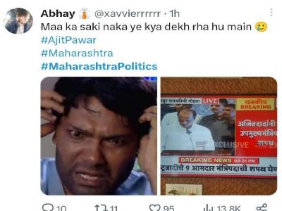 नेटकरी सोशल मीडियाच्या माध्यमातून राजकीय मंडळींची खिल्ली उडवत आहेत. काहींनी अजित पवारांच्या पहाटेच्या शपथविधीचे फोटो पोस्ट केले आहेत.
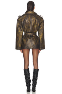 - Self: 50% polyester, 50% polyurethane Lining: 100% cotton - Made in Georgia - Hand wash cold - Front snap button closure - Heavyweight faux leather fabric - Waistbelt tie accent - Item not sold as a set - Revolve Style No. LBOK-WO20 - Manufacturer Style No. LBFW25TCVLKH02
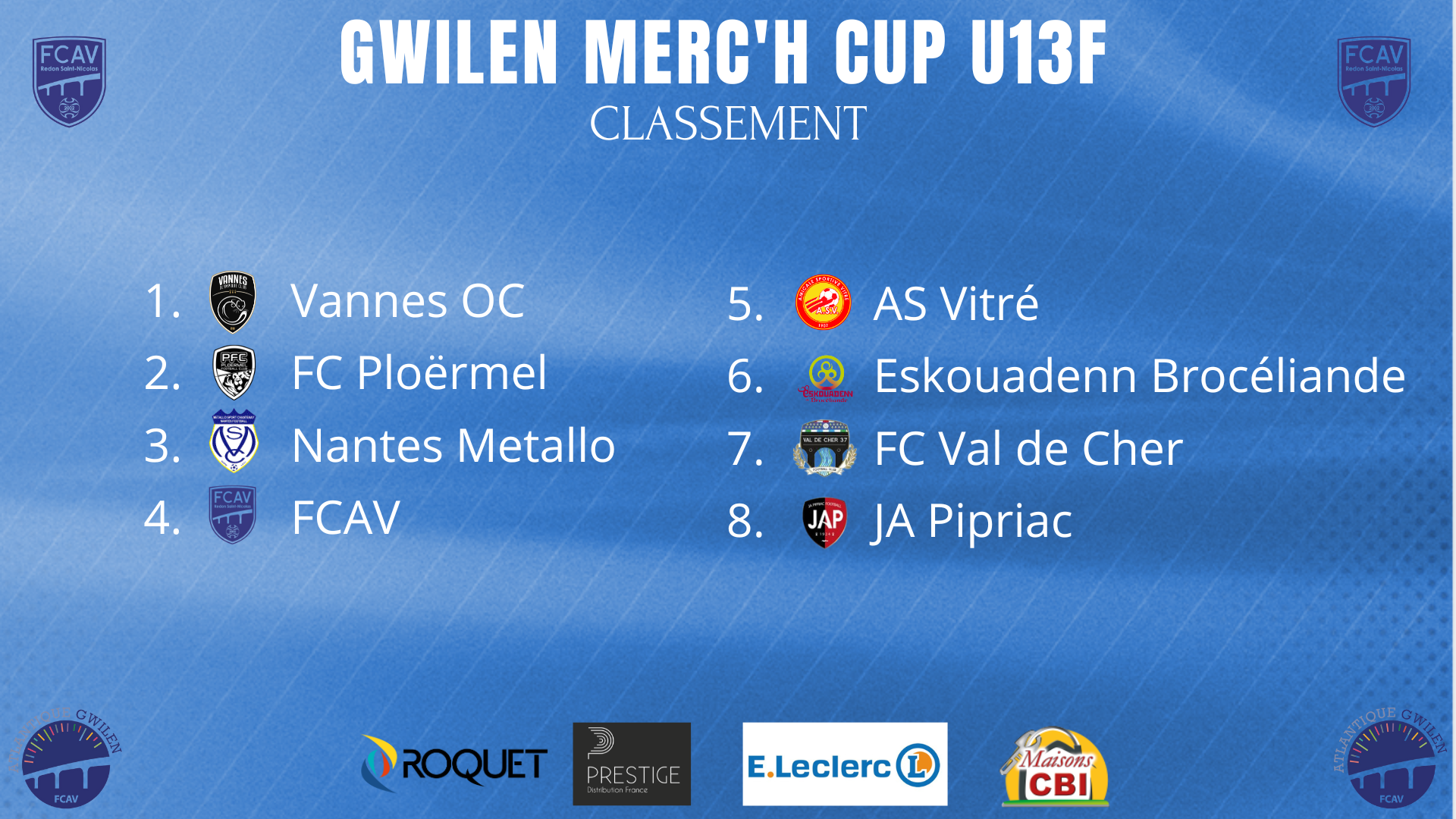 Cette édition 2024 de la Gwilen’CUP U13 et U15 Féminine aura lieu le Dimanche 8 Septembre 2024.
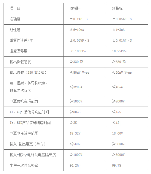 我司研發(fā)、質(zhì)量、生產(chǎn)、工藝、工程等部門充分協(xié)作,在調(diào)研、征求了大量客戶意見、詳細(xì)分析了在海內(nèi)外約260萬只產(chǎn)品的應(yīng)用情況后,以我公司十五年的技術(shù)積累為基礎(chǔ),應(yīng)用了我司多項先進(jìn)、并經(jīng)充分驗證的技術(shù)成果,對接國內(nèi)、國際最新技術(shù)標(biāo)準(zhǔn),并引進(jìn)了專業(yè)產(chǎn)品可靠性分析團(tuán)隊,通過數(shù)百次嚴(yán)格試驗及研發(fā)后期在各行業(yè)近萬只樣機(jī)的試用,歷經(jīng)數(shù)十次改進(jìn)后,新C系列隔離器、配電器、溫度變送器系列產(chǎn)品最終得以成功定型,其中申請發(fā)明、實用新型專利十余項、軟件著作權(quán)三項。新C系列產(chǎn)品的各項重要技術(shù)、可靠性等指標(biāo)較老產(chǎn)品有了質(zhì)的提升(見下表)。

WORK REQUEST: Output only the lines running from the top of the data above to the line with "Cette édition 2024", inclusive, word for word and without pictures.

EXERCISE OUTPUT:
 नेटकरी सोशल मीडियाच्या माध्यमातून राजकीय मंडळींची खिल्ली उडवत आहेत. काहींनी अजित पवारांच्या पहाटेच्या शपथविधीचे फोटो पोस्ट केले आहेत.
 - Self: 50% polyester, 50% polyurethane Lining: 100% cotton - Made in Georgia - Hand wash cold - Front snap button closure - Heavyweight faux leather fabric - Waistbelt tie accent - Item not sold as a set - Revolve Style No. LBOK-WO20 - Manufacturer Style No. LBFW25TCVLKH02
 Cette édition 2024 de la Gwilen’CUP U13 et U15 Féminine aura lieu le Dimanche 8 Septembre 2024.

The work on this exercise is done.